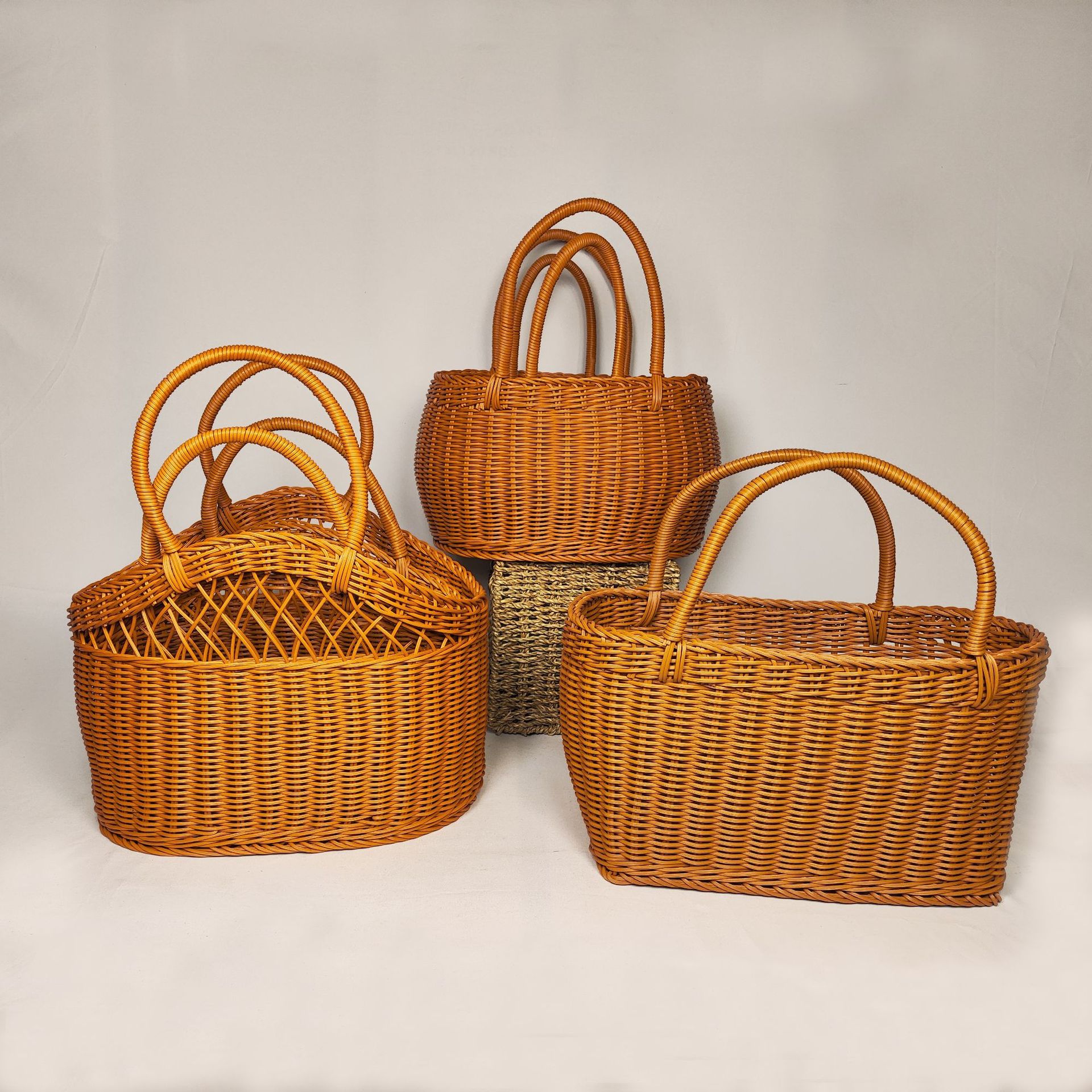 籐編みのプラスチック製の手提げかごの長方形は野菜を買います。
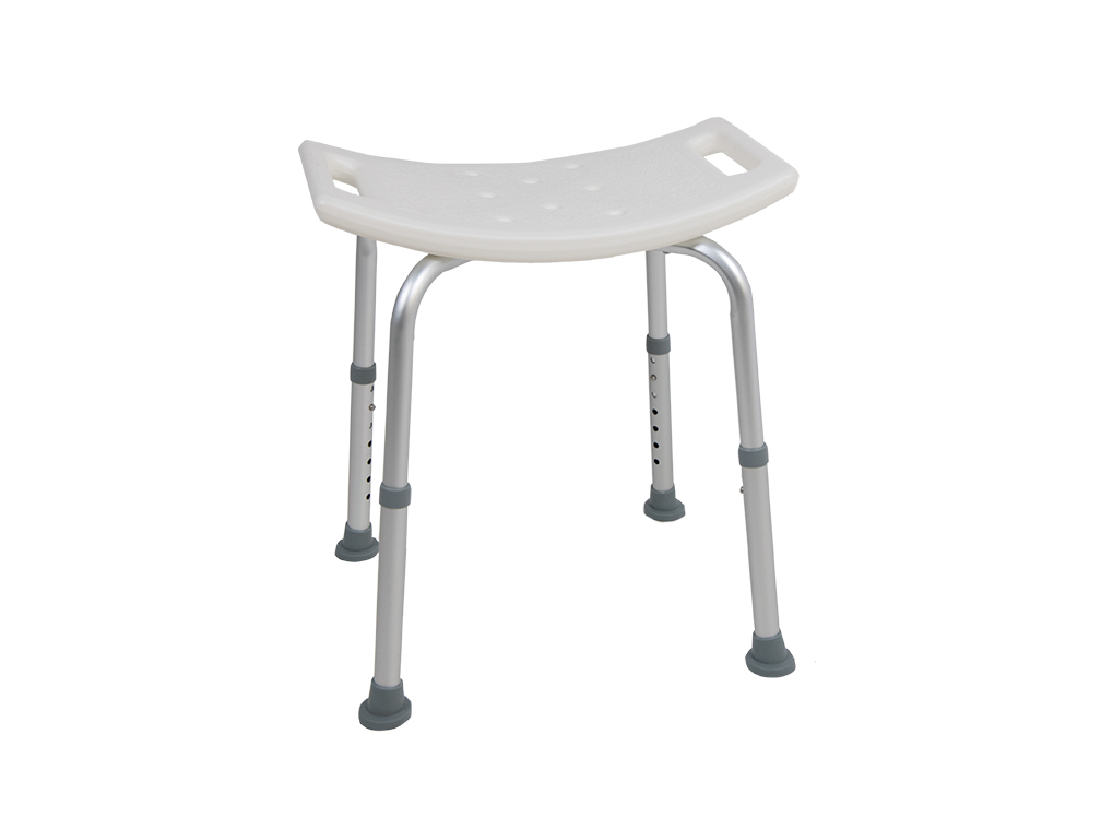 Banqueta de ducha de aluminio sin respaldo. Regulable en altura.
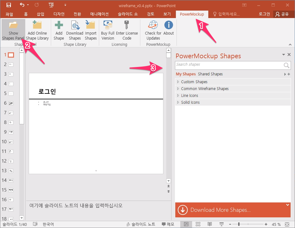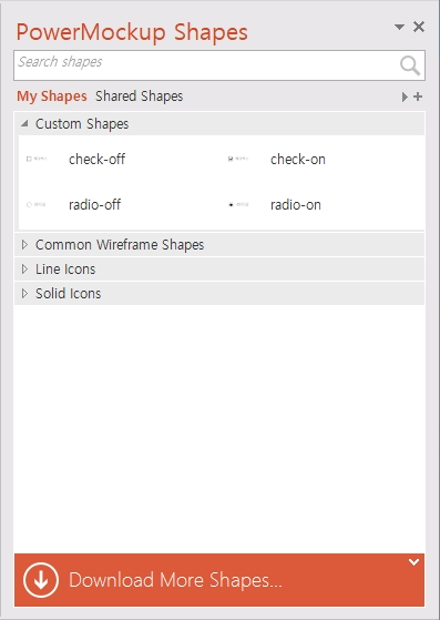 처음에 설치한 후에는 상단 메뉴 탭에서 PowerMockup을 선택 후 가장 왼쪽의 메뉴를 선택하면 문서작성에 필요한 Shapes 항목들을 확인할 수 있습니다. 하단의 Download More Shapes를 클릭하면 팝업창이 열리면서 PowerMockup에서 다운로드하여 사용 가능한 데이터들이 확인 가능합니다.

● Problem:
Line by line, return the listing above exactly, leaving out its pictures.

● Reply to the exercise:
 籐編みのプラスチック製の手提げかごの長方形は野菜を買います。
 Banqueta de ducha de aluminio sin respaldo. Regulable en altura.
 처음에 설치한 후에는 상단 메뉴 탭에서 PowerMockup을 선택 후 가장 왼쪽의 메뉴를 선택하면 문서작성에 필요한 Shapes 항목들을 확인할 수 있습니다. 하단의 Download More Shapes를 클릭하면 팝업창이 열리면서 PowerMockup에서 다운로드하여 사용 가능한 데이터들이 확인 가능합니다.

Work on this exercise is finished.